Wednesday, April 6

Fasting follow-up

I received a comment this morning from my Canadian blogger friend that I wanted to share and answer:

Fasting can be such an undiscovered discipline in today's church. Sometimes, it seems, if you talk about it, you are perceived to be like a Pharisee or something..."I fast twice a week..." But if we don't talk about it, what do we become then?? I'd love to hear about the challenges and blessings of your week of fasting.

This really resonated with me. Fasting is really a confusing thing. It is talked about in the Bible, on multiple occasions and in both the old and new testament, but as a general rule it is so foreign to us in America--to me--that I feel really insecure on the topic. Insecure about if it's okay to talk about it (because there are verses in the Bible that would support that it's not). Insecure about how to do it (e.g. Is one meal a day (like I did this past week) actually legitimate?) Insecure about how often to do it. Insecure about for what purpose I should do it. You get the point. So, when it's hard to do anyway, and there are so many questions regarding it, it's easy just to not do it in the first place.

But that is so sad and unfortunate. You know, as I think about it right now, I wonder if our neglect of fasting is one of the reasons that most American Christians are so overwhelmingly disinterested in the poor. That is not to say that we don't think we care. Or, we don't feel guilty, sad, depressed.....you fill in the blank....when we take the time to think about it. It's just that our choices don't actually show that we care.

The above hypothesis about the link between fasting and the poor is because of how fasting a meal a day this week impacted me. Granted, I was fasting because of the call to fast from Ambassador Tony Hall here, so my heart and mind were clearly on the poor. However, I think it was much more than that. When I fasted this week one meal a day, I felt hungry. This is something that normally I try to avoid at all costs. When I feel hungry--usually within MINUTES--I am rushing to fill that hunger with some kind of food. And I can. I have food within my disposal at almost every second of every day....and night. So this hunger thing for more than a few minutes at a time is not normal. This week, when I started feeling hungry, I was not rushing to satiate that hunger. So, I had time to contemplate it. Contemplate the TENS OF THOUSANDS of people that DIE of hunger EVERY SINGLE DAY in other countries. And contemplate those children in this country that are hungry on any given day because there's no food in the house. I came face to face with the latter this summer when I was tutoring. It is real and it does happen more than you know. That alone has made me more connected this week. And more thoughtful.

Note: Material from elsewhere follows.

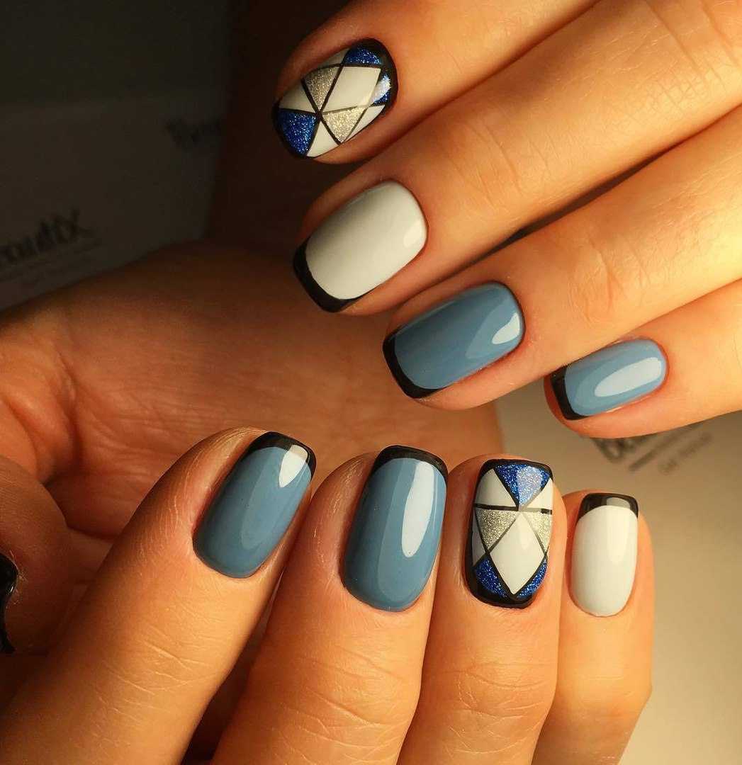Еще одно эффектное направление в области ногтевого дизайна нового сезона. Полностью на весь ноготь можно наносить цвета, которые сочетаются. Их можно разделить полосками серебристого или черного оттенка. При этом повторения рисунка на всех ноготках может и не быть. Асимметрия является трендом в нынешнем сезоне.
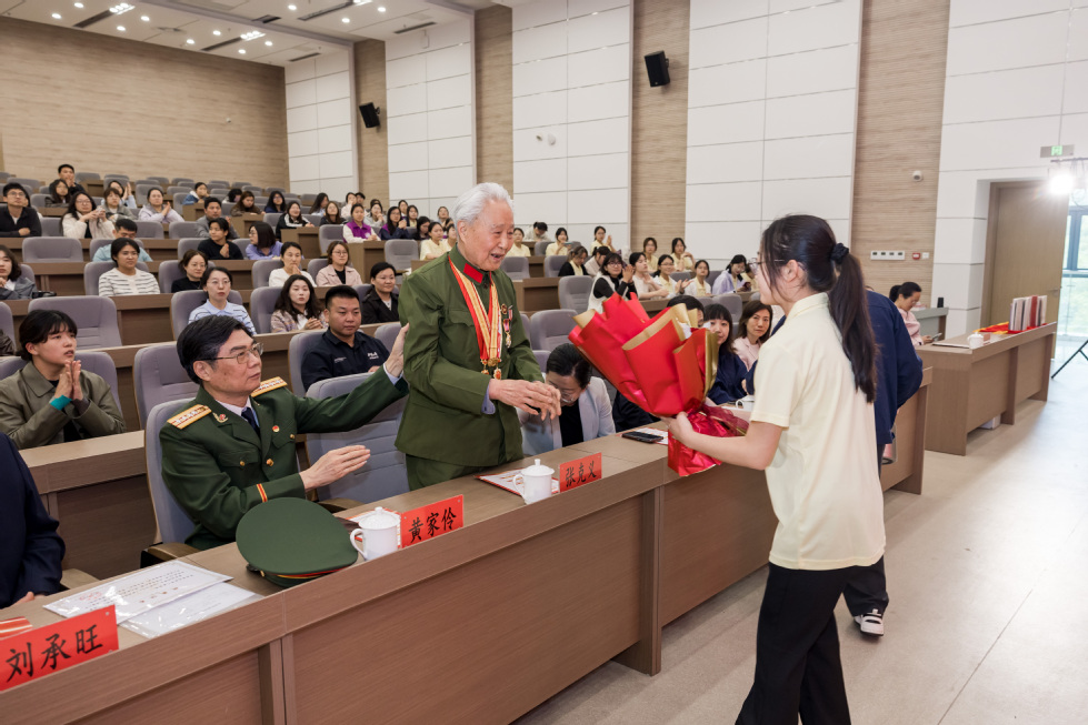 理论教育是传承红色基因的思想基石。活动中,常州市军休保障服务中心“老兵有故事”红色宣讲团成员刘力宏深情讲述了军休干部张克义的动人故事。从战火纷飞的革命年代到和平建设的岁月,张克义老人的事迹如同一部生动的教科书,让在场学生深刻感悟到革命先辈坚定的理想信念与无私的奉献精神。这不仅是一堂生动的党史课,更是老兵精神向青年一代的深情传递。活动现场,我院学生代表怀着崇高敬意向张克义老前辈献上鲜花,鲜花与掌声的簇拥,正是对跨越时光信仰传承的最好致敬。

I really want to learn more about the discipline of fasting and hear your experiences about it. I won't call you a Pharisee. I won't even think it. I'm just longing to become more, become better, than I am right now. Spending HOURS reading Kisses from Katie this week confirmed that once again. I have SO far to go, but I'm not throwing in the towel yet. In fact, I'm more resolved than ever to grow and become more real. I think fasting is one of the many pieces to this puzzle.

2 comments:

paraguayalyssa said...

Hey D. Thanks for this post. You're REALLY BRAVE! Today I bought a juicer with the anniversary money we got from our parents, and tonight I bought a bunch of produce in anticipation of its arrival:)

Fasting used to be a really significant part of my life and it hasn't been for a long, long time. I can tell. I can't describe it, but in my spirit I feel less peaceful and centered. I think these are 2 fruits of fasting. When I would fast, it seemed that I became more patient. Fasting taught me that discomfort is just discomfort and making it go away isn't always the most important thing in every situation.

For example, I'll often find that when I sit down to have devos, I first notice that my hands are dry and I absolutely cannot pray until I put lotion on them. So I go get the lotion and sit back down. Then my feet are cold and I need to go get socks. Then I'm thirsty and go crazy until I can get water. Then, then, then. When I fast, I'm not as bothered by those things, which I think are a reflection of a general state of peace. It translates into being at peace with others misunderstanding me, being bossed around by people who think I need bossing, not defending myself when I don't need to, resting in God's grace and love. I miss it...

KLT said...

Thank you for sharing. I've been fasting one meal a week for a long time, and I feel like I need that discipline (although I don't always get at the heart of it very well for a variety of reasons, including some described by you and the previous commenter). But I often feel like talking about it (including the hows, the struggles, the blessings, etc.) is taboo...unlike talking about Bible reading, acts of service, or Scripture memory.
I really appreciated your candor. I hope that we'll both be able to have more conversations with this among our Christian friends.